> **WHAT TO WORK ON**: Once the pictures have been set aside, copy every remaining entry exactly.

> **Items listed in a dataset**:
***

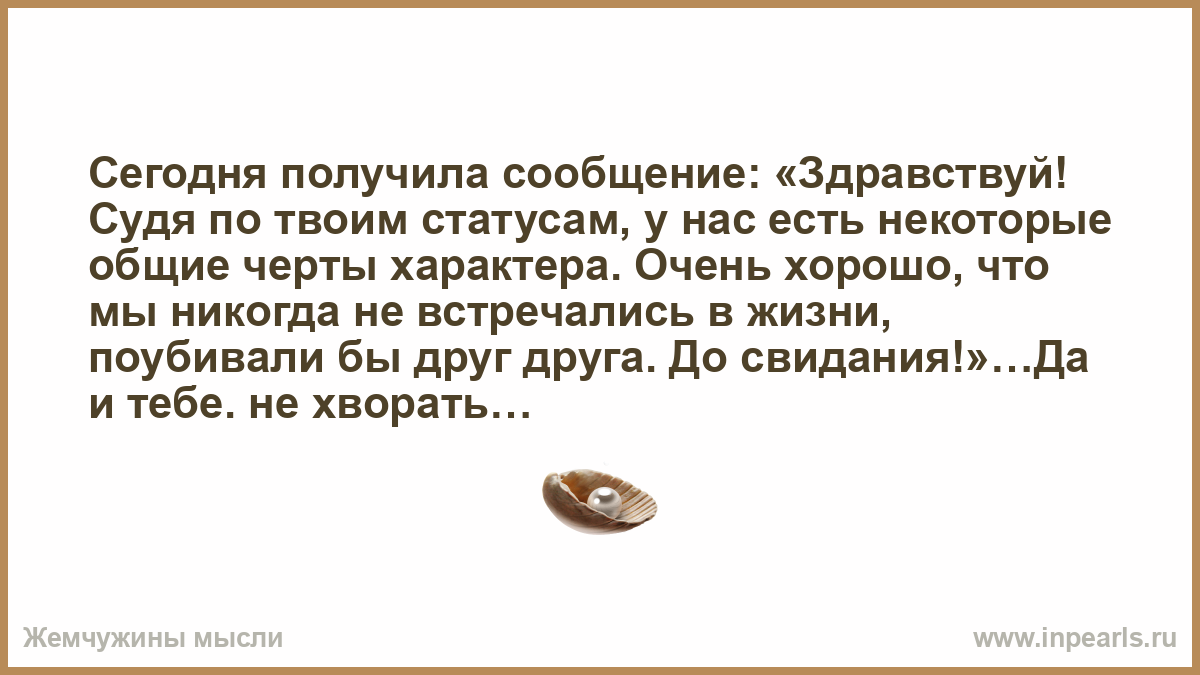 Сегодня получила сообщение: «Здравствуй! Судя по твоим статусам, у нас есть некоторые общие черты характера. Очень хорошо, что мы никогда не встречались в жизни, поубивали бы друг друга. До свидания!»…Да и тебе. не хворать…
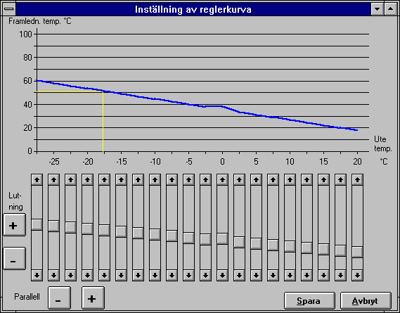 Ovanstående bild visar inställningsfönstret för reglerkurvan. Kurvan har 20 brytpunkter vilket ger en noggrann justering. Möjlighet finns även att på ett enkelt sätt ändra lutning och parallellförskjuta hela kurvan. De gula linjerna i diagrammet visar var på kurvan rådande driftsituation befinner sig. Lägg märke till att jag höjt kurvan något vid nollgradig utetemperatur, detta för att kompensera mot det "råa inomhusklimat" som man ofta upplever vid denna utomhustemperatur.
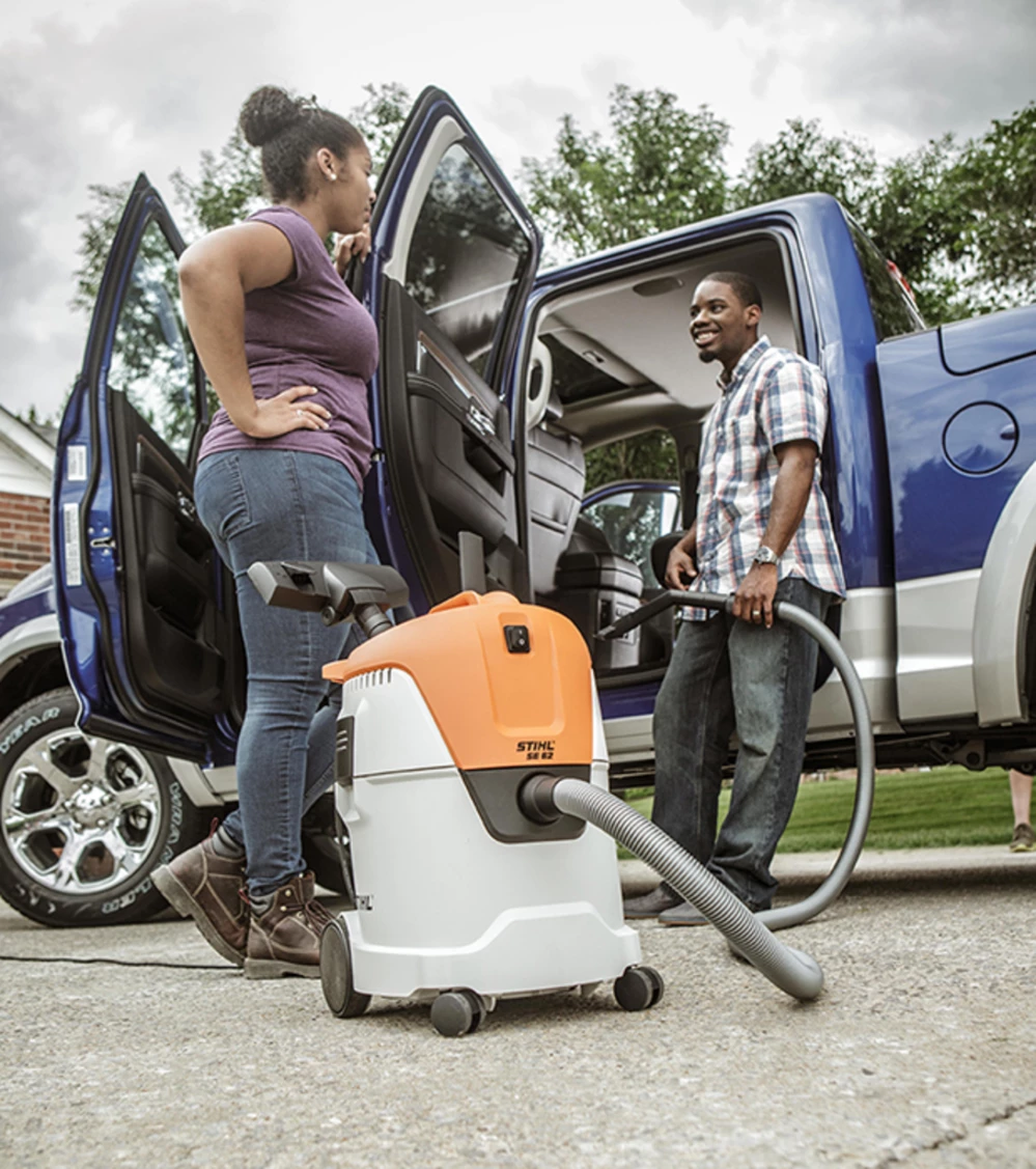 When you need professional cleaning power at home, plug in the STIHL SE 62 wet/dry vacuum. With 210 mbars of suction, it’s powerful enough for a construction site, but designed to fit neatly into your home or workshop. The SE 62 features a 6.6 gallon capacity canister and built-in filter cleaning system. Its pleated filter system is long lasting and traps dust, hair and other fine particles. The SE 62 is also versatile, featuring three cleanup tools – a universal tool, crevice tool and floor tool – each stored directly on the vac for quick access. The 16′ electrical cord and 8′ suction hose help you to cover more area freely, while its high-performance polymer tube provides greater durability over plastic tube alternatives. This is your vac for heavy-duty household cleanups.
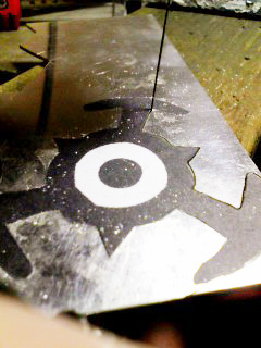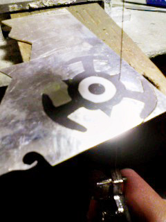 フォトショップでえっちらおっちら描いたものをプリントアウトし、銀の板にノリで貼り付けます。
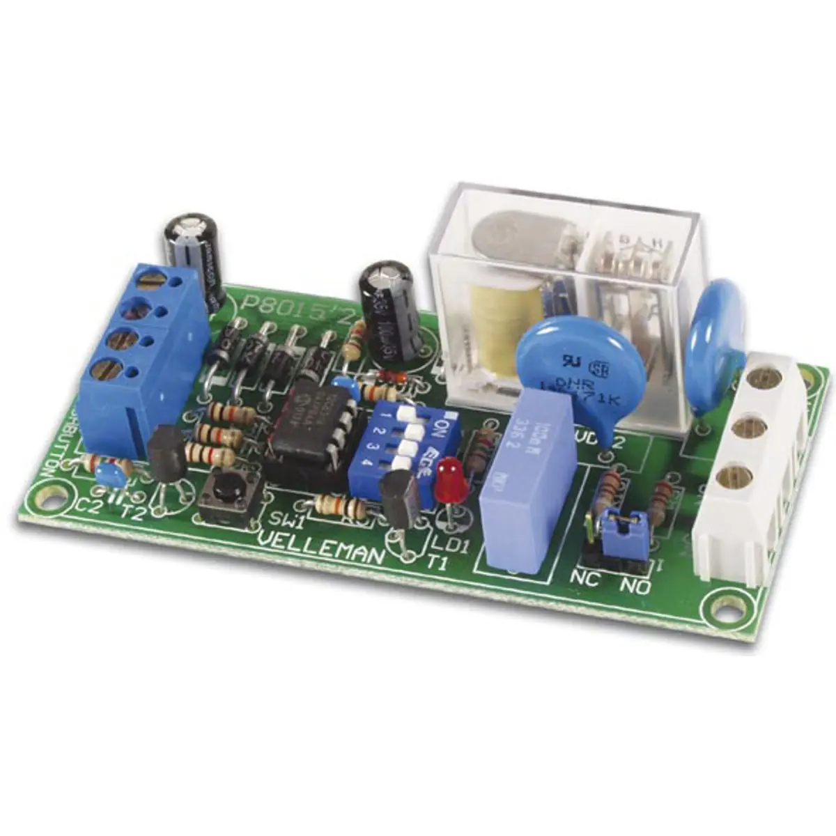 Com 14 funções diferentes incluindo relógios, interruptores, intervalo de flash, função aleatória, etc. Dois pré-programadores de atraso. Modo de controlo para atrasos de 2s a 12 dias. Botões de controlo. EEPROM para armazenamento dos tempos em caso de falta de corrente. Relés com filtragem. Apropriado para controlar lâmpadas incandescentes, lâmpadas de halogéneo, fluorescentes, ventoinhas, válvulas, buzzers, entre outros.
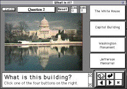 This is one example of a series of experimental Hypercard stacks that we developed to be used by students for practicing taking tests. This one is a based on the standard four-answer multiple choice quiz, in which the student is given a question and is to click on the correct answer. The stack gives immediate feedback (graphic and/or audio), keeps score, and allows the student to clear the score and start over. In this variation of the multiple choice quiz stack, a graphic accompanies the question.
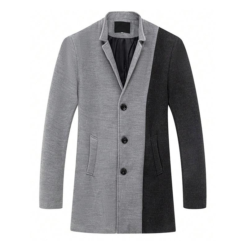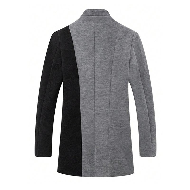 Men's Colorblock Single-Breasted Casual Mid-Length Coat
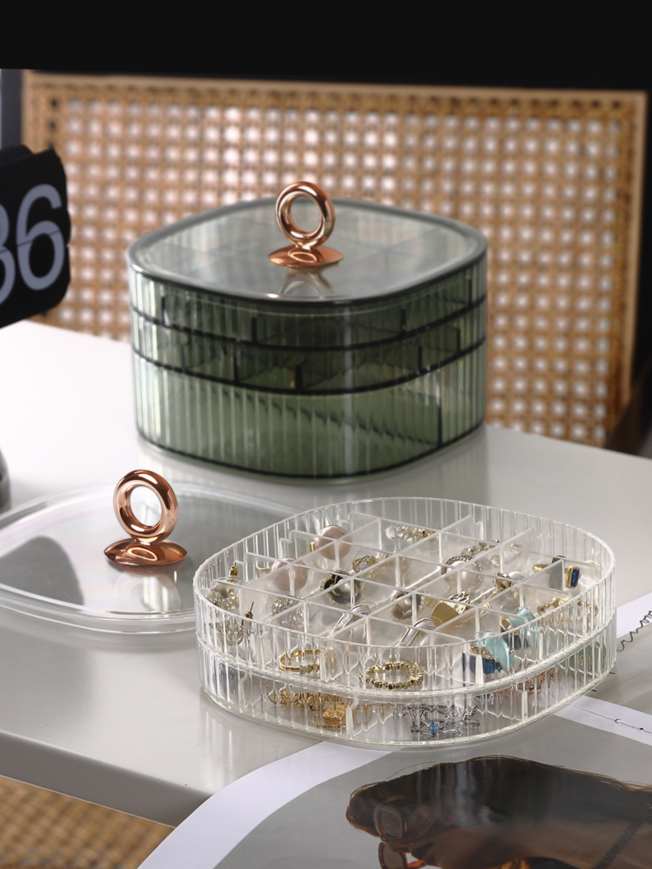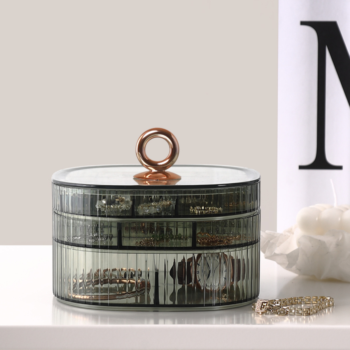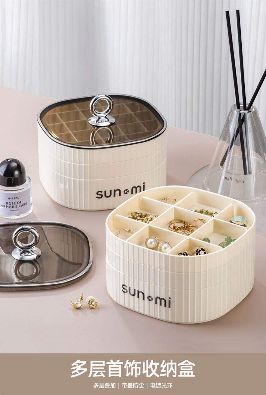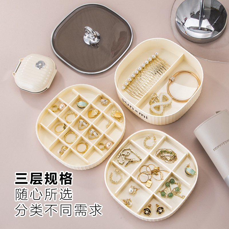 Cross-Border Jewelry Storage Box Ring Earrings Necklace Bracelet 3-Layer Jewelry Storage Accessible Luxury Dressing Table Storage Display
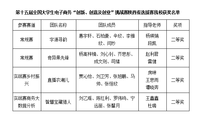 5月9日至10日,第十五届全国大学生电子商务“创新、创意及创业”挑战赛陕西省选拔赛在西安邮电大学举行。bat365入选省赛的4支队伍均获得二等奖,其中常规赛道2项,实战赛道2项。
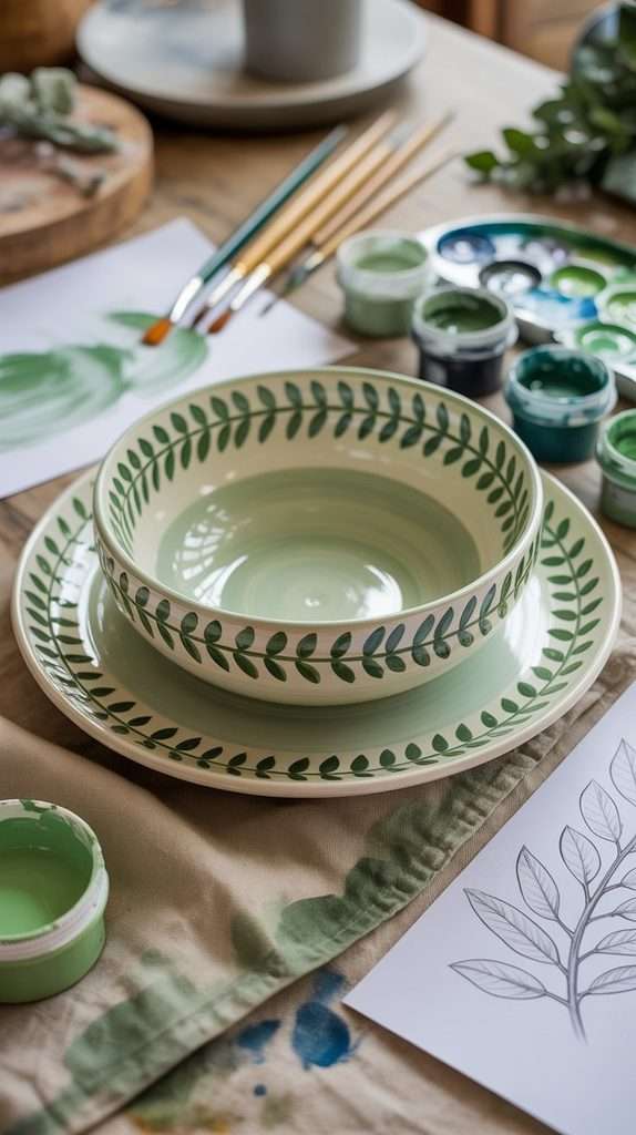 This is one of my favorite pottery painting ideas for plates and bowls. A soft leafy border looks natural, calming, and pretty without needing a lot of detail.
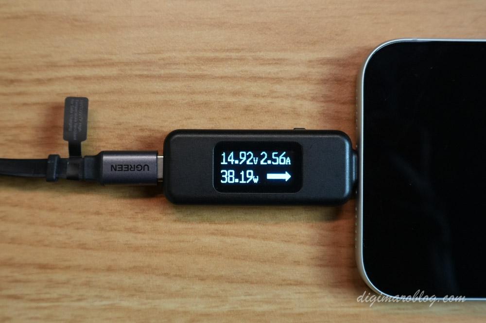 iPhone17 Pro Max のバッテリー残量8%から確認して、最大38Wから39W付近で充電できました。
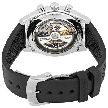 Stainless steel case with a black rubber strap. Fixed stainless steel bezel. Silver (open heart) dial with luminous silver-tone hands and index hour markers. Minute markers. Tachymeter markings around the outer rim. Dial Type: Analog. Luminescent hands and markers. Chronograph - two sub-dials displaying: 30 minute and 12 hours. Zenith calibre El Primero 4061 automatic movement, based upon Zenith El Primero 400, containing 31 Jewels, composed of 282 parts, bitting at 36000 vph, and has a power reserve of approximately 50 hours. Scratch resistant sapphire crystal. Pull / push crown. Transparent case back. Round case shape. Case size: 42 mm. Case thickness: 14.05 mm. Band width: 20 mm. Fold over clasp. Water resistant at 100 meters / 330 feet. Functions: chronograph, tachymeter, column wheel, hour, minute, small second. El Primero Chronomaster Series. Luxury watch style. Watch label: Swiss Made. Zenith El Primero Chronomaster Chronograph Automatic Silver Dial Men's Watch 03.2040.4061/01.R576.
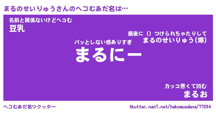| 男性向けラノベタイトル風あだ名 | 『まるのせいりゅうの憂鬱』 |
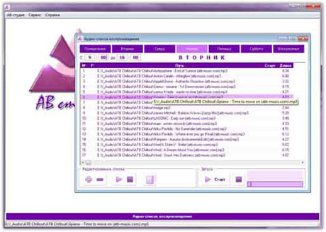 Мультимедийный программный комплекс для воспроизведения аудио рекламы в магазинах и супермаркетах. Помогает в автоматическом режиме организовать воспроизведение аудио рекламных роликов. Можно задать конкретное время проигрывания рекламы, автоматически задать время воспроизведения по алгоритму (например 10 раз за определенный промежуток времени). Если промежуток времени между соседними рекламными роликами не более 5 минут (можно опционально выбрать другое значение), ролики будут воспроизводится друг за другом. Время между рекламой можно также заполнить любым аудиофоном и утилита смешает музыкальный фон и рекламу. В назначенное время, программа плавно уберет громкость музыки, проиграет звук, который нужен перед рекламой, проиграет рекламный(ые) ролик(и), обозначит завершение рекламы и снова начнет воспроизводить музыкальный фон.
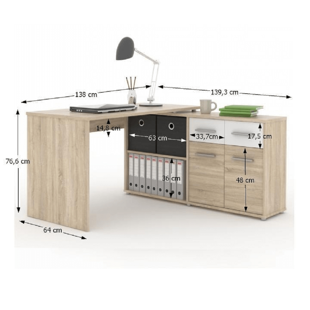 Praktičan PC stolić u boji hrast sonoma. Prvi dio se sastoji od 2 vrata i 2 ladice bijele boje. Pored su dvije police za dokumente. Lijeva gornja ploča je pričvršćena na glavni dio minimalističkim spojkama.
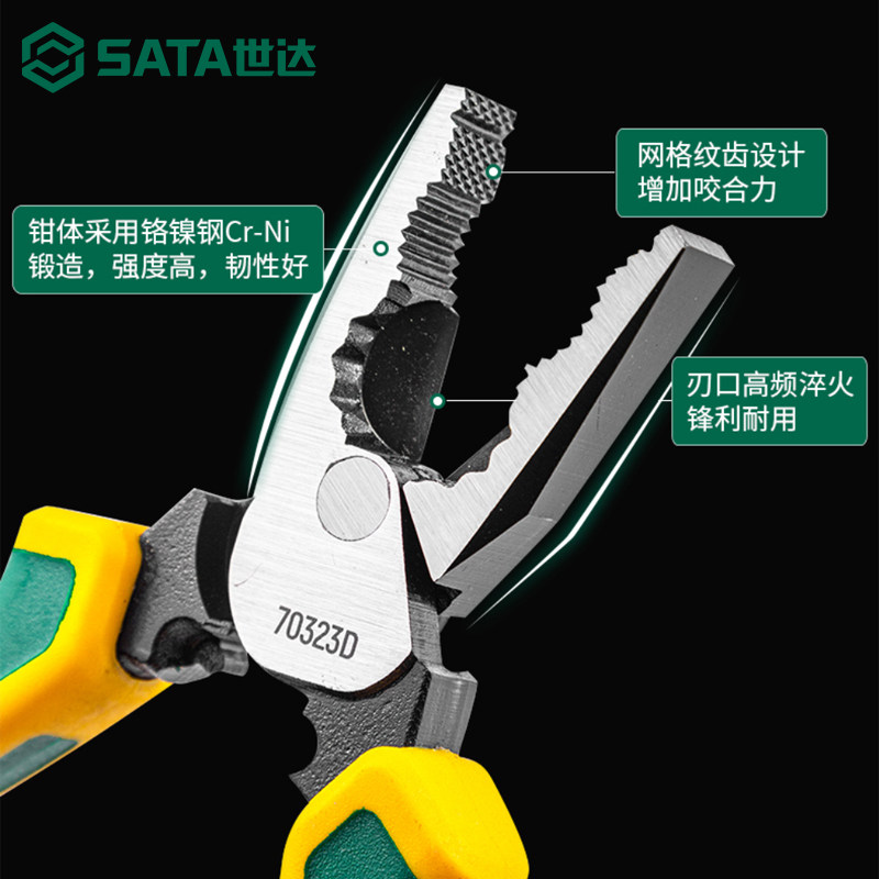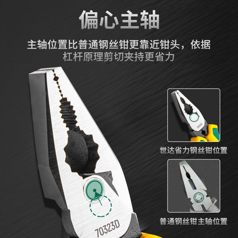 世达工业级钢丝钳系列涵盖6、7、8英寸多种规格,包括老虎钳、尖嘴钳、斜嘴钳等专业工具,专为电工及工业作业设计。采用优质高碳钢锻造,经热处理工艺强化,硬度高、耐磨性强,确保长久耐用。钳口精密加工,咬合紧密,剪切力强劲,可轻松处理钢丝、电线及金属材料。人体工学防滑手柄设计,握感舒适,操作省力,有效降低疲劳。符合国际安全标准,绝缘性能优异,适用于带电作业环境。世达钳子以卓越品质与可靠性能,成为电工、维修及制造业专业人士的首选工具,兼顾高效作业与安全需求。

***

> **SOLUTION TO THIS EXERCISE**:
 Сегодня получила сообщение: «Здравствуй! Судя по твоим статусам, у нас есть некоторые общие черты характера. Очень хорошо, что мы никогда не встречались в жизни, поубивали бы друг друга. До свидания!»…Да и тебе. не хворать…
 Ovanstående bild visar inställningsfönstret för reglerkurvan. Kurvan har 20 brytpunkter vilket ger en noggrann justering. Möjlighet finns även att på ett enkelt sätt ändra lutning och parallellförskjuta hela kurvan. De gula linjerna i diagrammet visar var på kurvan rådande driftsituation befinner sig. Lägg märke till att jag höjt kurvan något vid nollgradig utetemperatur, detta för att kompensera mot det "råa inomhusklimat" som man ofta upplever vid denna utomhustemperatur.
 When you need professional cleaning power at home, plug in the STIHL SE 62 wet/dry vacuum. With 210 mbars of suction, it’s powerful enough for a construction site, but designed to fit neatly into your home or workshop. The SE 62 features a 6.6 gallon capacity canister and built-in filter cleaning system. Its pleated filter system is long lasting and traps dust, hair and other fine particles. The SE 62 is also versatile, featuring three cleanup tools – a universal tool, crevice tool and floor tool – each stored directly on the vac for quick access. The 16′ electrical cord and 8′ suction hose help you to cover more area freely, while its high-performance polymer tube provides greater durability over plastic tube alternatives. This is your vac for heavy-duty household cleanups.
 フォトショップでえっちらおっちら描いたものをプリントアウトし、銀の板にノリで貼り付けます。
 Com 14 funções diferentes incluindo relógios, interruptores, intervalo de flash, função aleatória, etc. Dois pré-programadores de atraso. Modo de controlo para atrasos de 2s a 12 dias. Botões de controlo. EEPROM para armazenamento dos tempos em caso de falta de corrente. Relés com filtragem. Apropriado para controlar lâmpadas incandescentes, lâmpadas de halogéneo, fluorescentes, ventoinhas, válvulas, buzzers, entre outros.
 This is one example of a series of experimental Hypercard stacks that we developed to be used by students for practicing taking tests. This one is a based on the standard four-answer multiple choice quiz, in which the student is given a question and is to click on the correct answer. The stack gives immediate feedback (graphic and/or audio), keeps score, and allows the student to clear the score and start over. In this variation of the multiple choice quiz stack, a graphic accompanies the question.
 Men's Colorblock Single-Breasted Casual Mid-Length Coat
 Cross-Border Jewelry Storage Box Ring Earrings Necklace Bracelet 3-Layer Jewelry Storage Accessible Luxury Dressing Table Storage Display
 5月9日至10日,第十五届全国大学生电子商务“创新、创意及创业”挑战赛陕西省选拔赛在西安邮电大学举行。bat365入选省赛的4支队伍均获得二等奖,其中常规赛道2项,实战赛道2项。
 This is one of my favorite pottery painting ideas for plates and bowls. A soft leafy border looks natural, calming, and pretty without needing a lot of detail.
 iPhone17 Pro Max のバッテリー残量8%から確認して、最大38Wから39W付近で充電できました。
 Stainless steel case with a black rubber strap. Fixed stainless steel bezel. Silver (open heart) dial with luminous silver-tone hands and index hour markers. Minute markers. Tachymeter markings around the outer rim. Dial Type: Analog. Luminescent hands and markers. Chronograph - two sub-dials displaying: 30 minute and 12 hours. Zenith calibre El Primero 4061 automatic movement, based upon Zenith El Primero 400, containing 31 Jewels, composed of 282 parts, bitting at 36000 vph, and has a power reserve of approximately 50 hours. Scratch resistant sapphire crystal. Pull / push crown. Transparent case back. Round case shape. Case size: 42 mm. Case thickness: 14.05 mm. Band width: 20 mm. Fold over clasp. Water resistant at 100 meters / 330 feet. Functions: chronograph, tachymeter, column wheel, hour, minute, small second. El Primero Chronomaster Series. Luxury watch style. Watch label: Swiss Made. Zenith El Primero Chronomaster Chronograph Automatic Silver Dial Men's Watch 03.2040.4061/01.R576.
| 男性向けラノベタイトル風あだ名 | 『まるのせいりゅうの憂鬱』 |
 Мультимедийный программный комплекс для воспроизведения аудио рекламы в магазинах и супермаркетах. Помогает в автоматическом режиме организовать воспроизведение аудио рекламных роликов. Можно задать конкретное время проигрывания рекламы, автоматически задать время воспроизведения по алгоритму (например 10 раз за определенный промежуток времени). Если промежуток времени между соседними рекламными роликами не более 5 минут (можно опционально выбрать другое значение), ролики будут воспроизводится друг за другом. Время между рекламой можно также заполнить любым аудиофоном и утилита смешает музыкальный фон и рекламу. В назначенное время, программа плавно уберет громкость музыки, проиграет звук, который нужен перед рекламой, проиграет рекламный(ые) ролик(и), обозначит завершение рекламы и снова начнет воспроизводить музыкальный фон.
 Praktičan PC stolić u boji hrast sonoma. Prvi dio se sastoji od 2 vrata i 2 ladice bijele boje. Pored su dvije police za dokumente. Lijeva gornja ploča je pričvršćena na glavni dio minimalističkim spojkama.
 世达工业级钢丝钳系列涵盖6、7、8英寸多种规格,包括老虎钳、尖嘴钳、斜嘴钳等专业工具,专为电工及工业作业设计。采用优质高碳钢锻造,经热处理工艺强化,硬度高、耐磨性强,确保长久耐用。钳口精密加工,咬合紧密,剪切力强劲,可轻松处理钢丝、电线及金属材料。人体工学防滑手柄设计,握感舒适,操作省力,有效降低疲劳。符合国际安全标准,绝缘性能优异,适用于带电作业环境。世达钳子以卓越品质与可靠性能,成为电工、维修及制造业专业人士的首选工具,兼顾高效作业与安全需求。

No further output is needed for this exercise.